In America a Prophecy (1793), Orc is described as a threat to the British colonies in America and to society. The angel of Albion sees Orc as an antichrist figure, and Orc views the prince of Albion as a dragon. During the work, Orc has an apocalyptic vision where the empire is destroyed and the oppressors of the world are stopped. Following the vision, Orc is able to get the Americans to rise up in revolution and they begin to attack their oppressors through a mental revolution. In Europe a Prophecy (1794), Orc is connected to the revolution in France but it is Los who calls the people to revolution. In The Song of Los, Orc provokes thought within the second half, "Asia", which unsettles the kings of earth, and Orc is described as raging across Europe. In these continental works, Los and Orc are seen as describing an apocalypse that would result in freedom.

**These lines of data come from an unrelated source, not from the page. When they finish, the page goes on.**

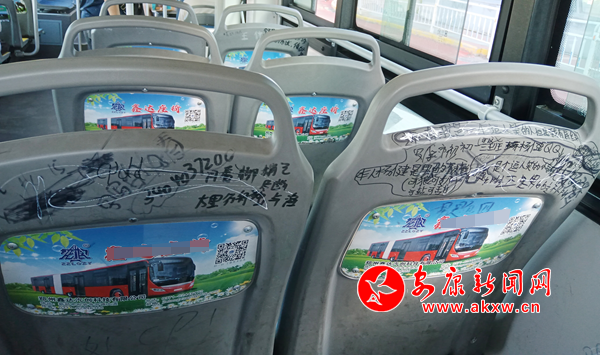 7月7日,筆者乘坐安康市城區7路公交車發現,公交座椅靠背慘遭“涂鴉”,內容不乏廣告標語、低俗粗鄙、不堪入目的語言,嚴重影響乘車心情。希望廣大乘客文明乘車,還市民一個干凈整潔的乘車環境。(通訊員 成忠旭)siz安康新聞網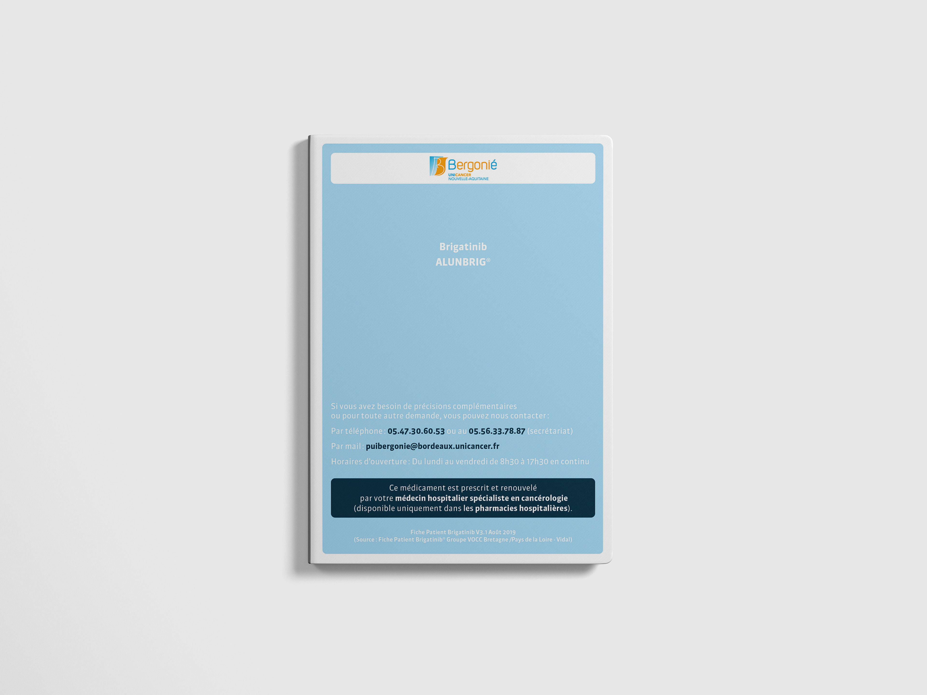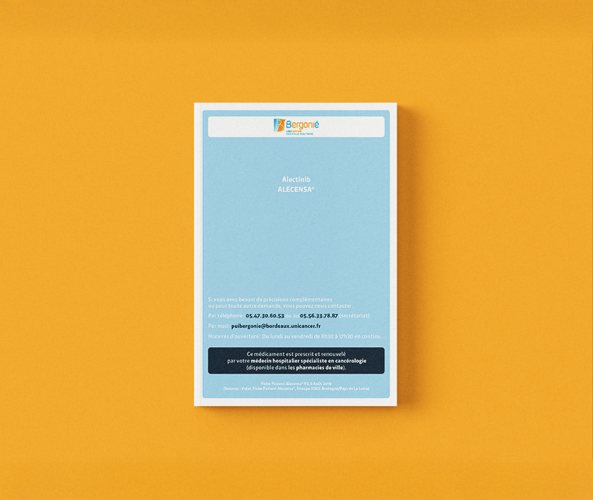 L’Institut Bergonié est le Centre régional de Lutte Contre le Cancer (CLCC) de la Nouvelle-Aquitaine. Depuis plus de 90 ans, il contribue au progrès médical et au rayonnement international de la recherche en matière de prévention, de dépistage et de traitement du cancer, une maladie chronique devenue deuxième cause de décès dans le monde. La création d’un livret et de fiche pour le suivi des patients est plus qu’important. En effet l’illustration apporte une meilleure compréhension des informations importantes à la prise de médicament dans certaine prise en charge.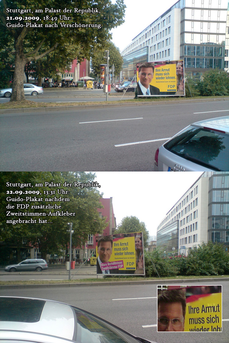 Ihr behinderten Vollidioten ! Wie kann man das mit der FDP nicht verstehen. Die haben das Plakat verunstaltet und ein Tag später, als die FDP typen kamen um da was draufzukleben haben die’s nicht gecheckt. Verstanden ihr behinderten kinder
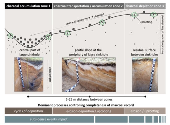 The morphology and stratigraphy (Figure 7) of horizons in the studied pyrogenic archives suggest three major drivers of charcoal burial: (a) paleo and active subsidence/drainage, (b) post-fire erosion/deposition, and (c) uprooting. The soil sequences in sinkholes demonstrate that erosion/deposition is a leading factor in assembling deep pyrogenic archives along topography patterns created by subsidence. This is enhanced by uprooting both during the post-fire disturbance episodes and during continuous tree falls at the stable phases between the fires. These driving forces of charcoal sinking discriminate between karst topography patterns and control the completeness of the macrocharcoal record in soils (Figure 10). The central part of sinkholes surrounding the draining channel comprise the charcoal accumulation zone 1, constrained by subsidence and deposition cycles; the slopes at the periphery of sinkholes represent charcoal transportation and accumulation zone 2, formed by subsidence, erosion-deposition, and uprooting; while high flats (residual surfaces) between sinkholes constitute charcoal depletion zone 3, controlled by erosion and uprooting. These zones alternate within 5–25 m distances and regularly replicate throughout this type of karst landscape.

In The Book of Urizen, the African civilization ends along with the third cycle, describing Adam and Eve, ending. Orc, symbolized as the serpent in the Garden of Eden, is cursed. This is followed in The Book of Ahania of a new cycle beginning in Asia, which parallels Exodus. Within the Israelite civilization, an Orc and an Urizen figure battles against each other with Orc representing a pillar of fire that guides the Israelites during the night while Urizen is a pillar of cloud that seeks to mislead them. Urizen is able to win over the Israelites by giving them the ten commandments and moral laws. These commandments are attacked by Orc in America a Prophecy.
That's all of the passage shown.